Please give back, exactly as written, the lines from the line with "Asc | codigo |" to the line with "家食品麵包類冷凍食品 黃花魚1KG #413061" in the listing below, leaving out all pictures.

INFORMATION SHOWN -

/---

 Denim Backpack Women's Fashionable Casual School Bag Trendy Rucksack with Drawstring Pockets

\---
/---

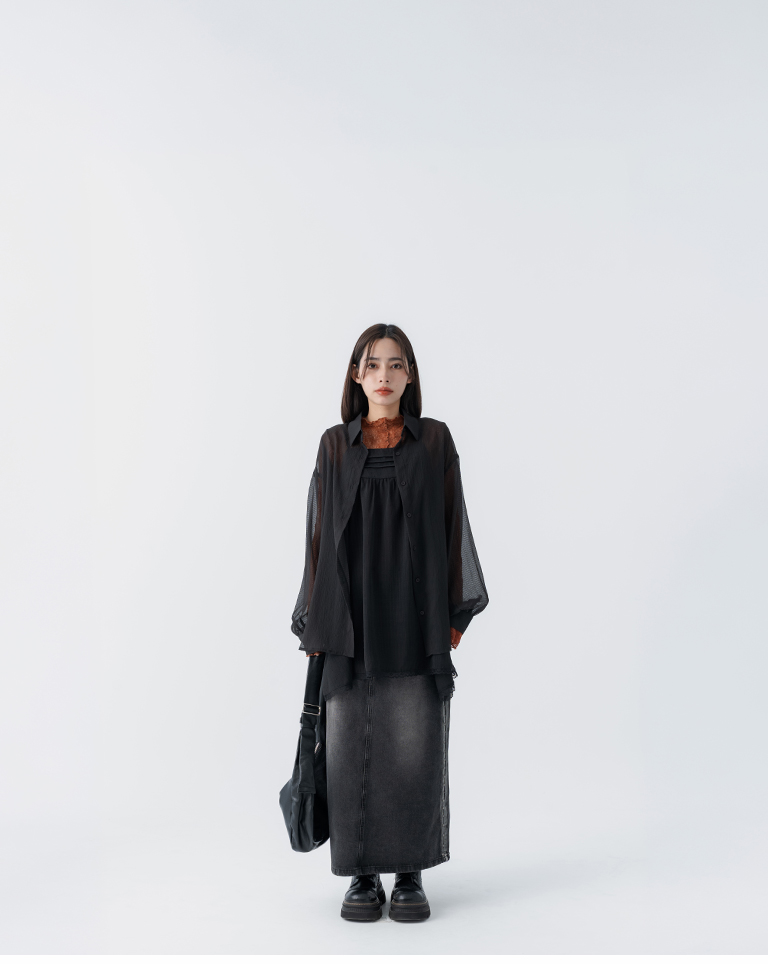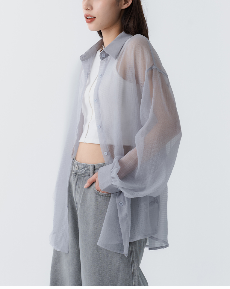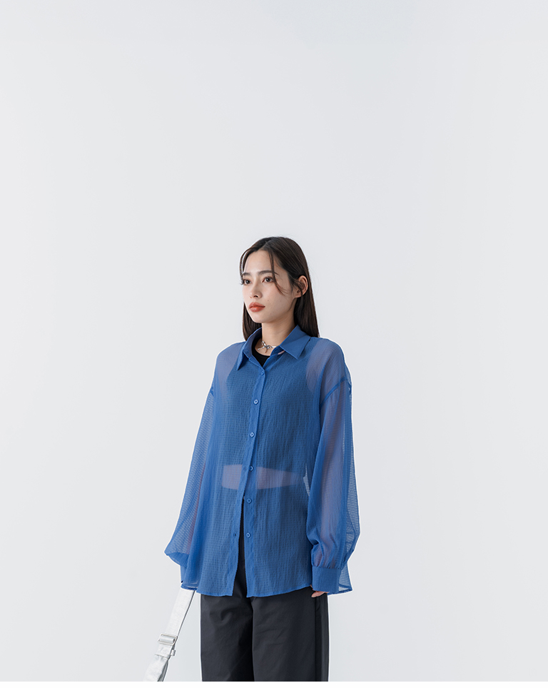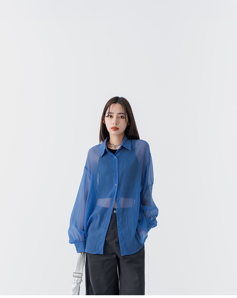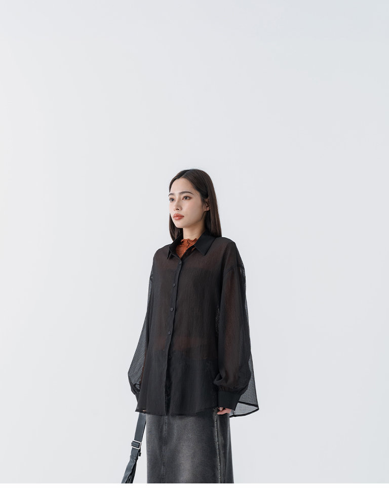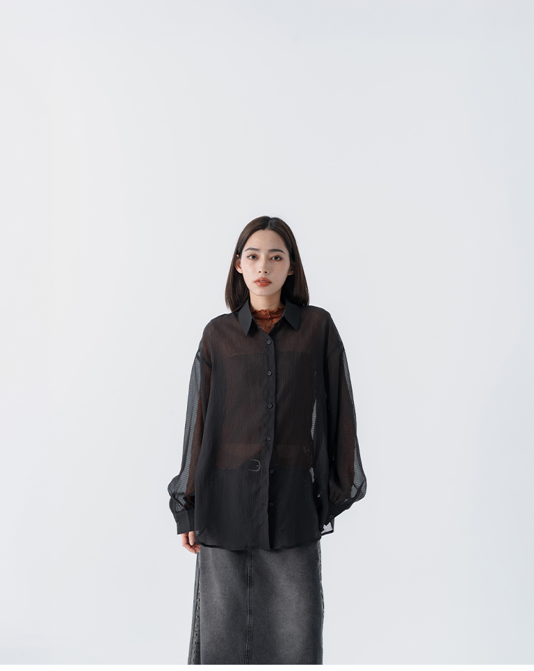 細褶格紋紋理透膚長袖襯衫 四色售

\---
/---

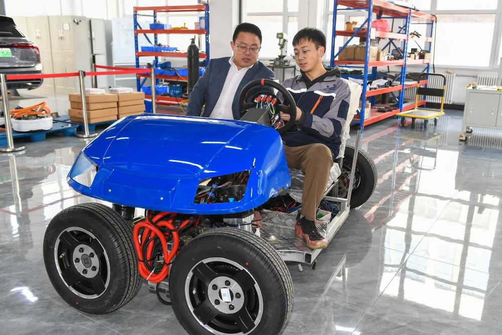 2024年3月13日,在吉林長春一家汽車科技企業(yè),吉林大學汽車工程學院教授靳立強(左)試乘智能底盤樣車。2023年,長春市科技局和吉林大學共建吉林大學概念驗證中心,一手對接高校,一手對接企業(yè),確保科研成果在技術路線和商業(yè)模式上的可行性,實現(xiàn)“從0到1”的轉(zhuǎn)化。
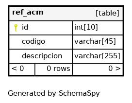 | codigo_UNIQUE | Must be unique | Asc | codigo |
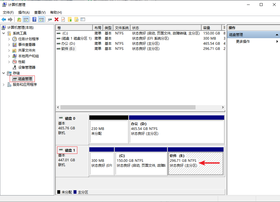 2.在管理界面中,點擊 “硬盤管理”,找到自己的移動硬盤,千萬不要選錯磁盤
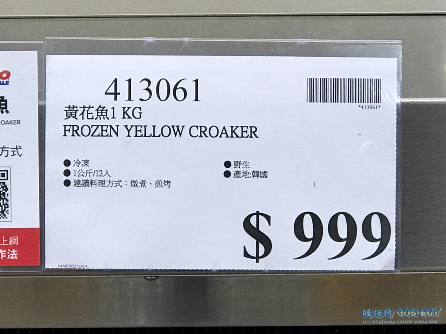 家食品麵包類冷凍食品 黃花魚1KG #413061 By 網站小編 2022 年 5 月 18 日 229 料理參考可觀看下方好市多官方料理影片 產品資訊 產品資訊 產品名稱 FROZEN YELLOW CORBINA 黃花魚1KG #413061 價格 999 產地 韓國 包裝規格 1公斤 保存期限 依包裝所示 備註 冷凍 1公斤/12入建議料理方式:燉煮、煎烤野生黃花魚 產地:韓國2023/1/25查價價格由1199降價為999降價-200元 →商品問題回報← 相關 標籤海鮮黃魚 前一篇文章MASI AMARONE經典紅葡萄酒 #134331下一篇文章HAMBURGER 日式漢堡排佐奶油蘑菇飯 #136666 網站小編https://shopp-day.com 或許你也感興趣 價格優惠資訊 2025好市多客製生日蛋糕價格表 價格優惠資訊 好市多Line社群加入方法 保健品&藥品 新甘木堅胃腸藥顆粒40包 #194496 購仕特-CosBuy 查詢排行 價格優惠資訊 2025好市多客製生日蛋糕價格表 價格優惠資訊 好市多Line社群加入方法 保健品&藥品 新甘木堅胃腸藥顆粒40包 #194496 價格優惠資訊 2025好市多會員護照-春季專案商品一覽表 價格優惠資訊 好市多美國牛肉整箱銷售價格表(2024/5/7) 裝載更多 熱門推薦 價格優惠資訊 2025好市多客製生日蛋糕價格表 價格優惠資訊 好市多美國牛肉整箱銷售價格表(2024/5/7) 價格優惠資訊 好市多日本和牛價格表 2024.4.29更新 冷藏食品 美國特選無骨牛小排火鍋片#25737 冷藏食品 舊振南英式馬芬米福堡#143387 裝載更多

\---

ANSWER TO THIS TASK -
 | codigo_UNIQUE | Must be unique | Asc | codigo |
 2.在管理界面中,點擊 “硬盤管理”,找到自己的移動硬盤,千萬不要選錯磁盤
 家食品麵包類冷凍食品 黃花魚1KG #413061 By 網站小編 2022 年 5 月 18 日 229 料理參考可觀看下方好市多官方料理影片 產品資訊 產品資訊 產品名稱 FROZEN YELLOW CORBINA 黃花魚1KG #413061 價格 999 產地 韓國 包裝規格 1公斤 保存期限 依包裝所示 備註 冷凍 1公斤/12入建議料理方式:燉煮、煎烤野生黃花魚 產地:韓國2023/1/25查價價格由1199降價為999降價-200元 →商品問題回報← 相關 標籤海鮮黃魚 前一篇文章MASI AMARONE經典紅葡萄酒 #134331下一篇文章HAMBURGER 日式漢堡排佐奶油蘑菇飯 #136666 網站小編https://shopp-day.com 或許你也感興趣 價格優惠資訊 2025好市多客製生日蛋糕價格表 價格優惠資訊 好市多Line社群加入方法 保健品&藥品 新甘木堅胃腸藥顆粒40包 #194496 購仕特-CosBuy 查詢排行 價格優惠資訊 2025好市多客製生日蛋糕價格表 價格優惠資訊 好市多Line社群加入方法 保健品&藥品 新甘木堅胃腸藥顆粒40包 #194496 價格優惠資訊 2025好市多會員護照-春季專案商品一覽表 價格優惠資訊 好市多美國牛肉整箱銷售價格表(2024/5/7) 裝載更多 熱門推薦 價格優惠資訊 2025好市多客製生日蛋糕價格表 價格優惠資訊 好市多美國牛肉整箱銷售價格表(2024/5/7) 價格優惠資訊 好市多日本和牛價格表 2024.4.29更新 冷藏食品 美國特選無骨牛小排火鍋片#25737 冷藏食品 舊振南英式馬芬米福堡#143387 裝載更多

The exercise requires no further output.